Ethnography is also a narrative of self. One way to address this is by the inclusion of
statements detailing the researcher’s past experiences. Exploring connections
between the researcher and the participants and research sites can be another way
to enrich the narrative-of-self component of ethnography. One seminal example of
this is Clifford Geertz’s ‘Deep Play: Notes on a Balinese Cockfight.’
2. Ethnography’s strengths lie in its specificity of detail. Typically employed in
situations in which shorter term qualitative research methods (focus groups,
structured interviews, etc) may elide participant responses of significant depth,
ethnography’s significant commitment of time and richness of detail make it an ideal
methodology for geographic ‘thick description’ of relations between people and
place.
3. Ethnography is frequently criticized for failing to encompass the multi-sited,
interconnected-ness of transnational spaces and time. Because of its significant
requirements of time, ethnography is not always ideal for comparative research of
multiple locations. Because ethnography requires significant interaction with
localized people, the geographer using it as a research methodology will need to
commit time to learning languages and other social customs in order to interact
with people in a mutually beneficial way.

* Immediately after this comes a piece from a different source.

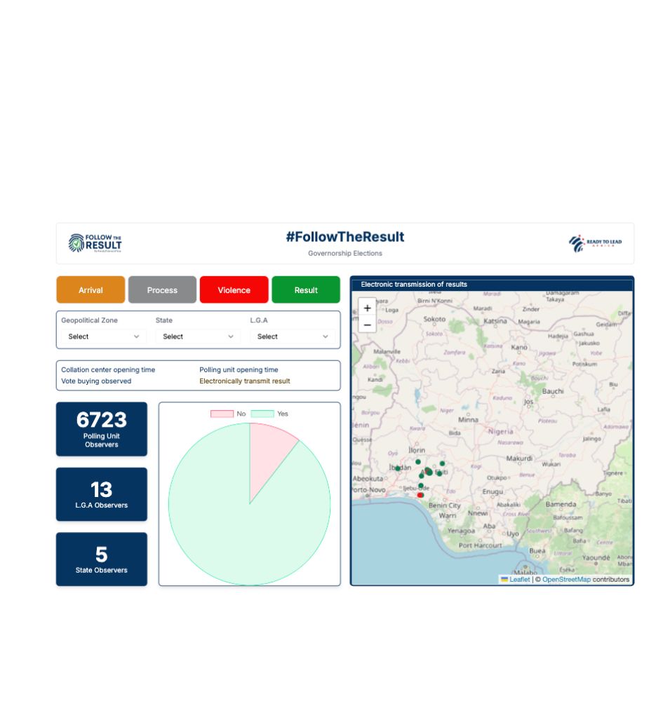 A real-time election monitoring dashboard designed to track election processes, results, and incidents of violence. It provides live updates, data visualization, and citizen-driven reporting to ensure transparency and accountability in electoral processes.

4. Many other research methods similar to ethnography require less time, allowing
for more multi-sited overviews. These include focus groups, semi-structured
interviews and discourse analysis.
5. Some recent examples of ethnography published by geographers include:
A. Dunn, Elizabeth. 2004. Privatizing Poland: Baby Food, Big Business, and the
Remaking of Labor. Ithaca NY: Cornell Press. Dunn’s book studies how globalized
trade influences labor organization in a Polish baby food factory, relying on
ethnography to discover how workers challenge existing power relations within
international business models.
B. Ley, David. 1974. The Black Inner City as Frontier Outpost: Images and Behavior of
a Philadelphia Neighborhood. Washington, DC: AAG Monograph Series. A seminal
work on inner city geographies of social constructions of reality, Ley’s book uses
ethnography to get at how people relate to place constructions.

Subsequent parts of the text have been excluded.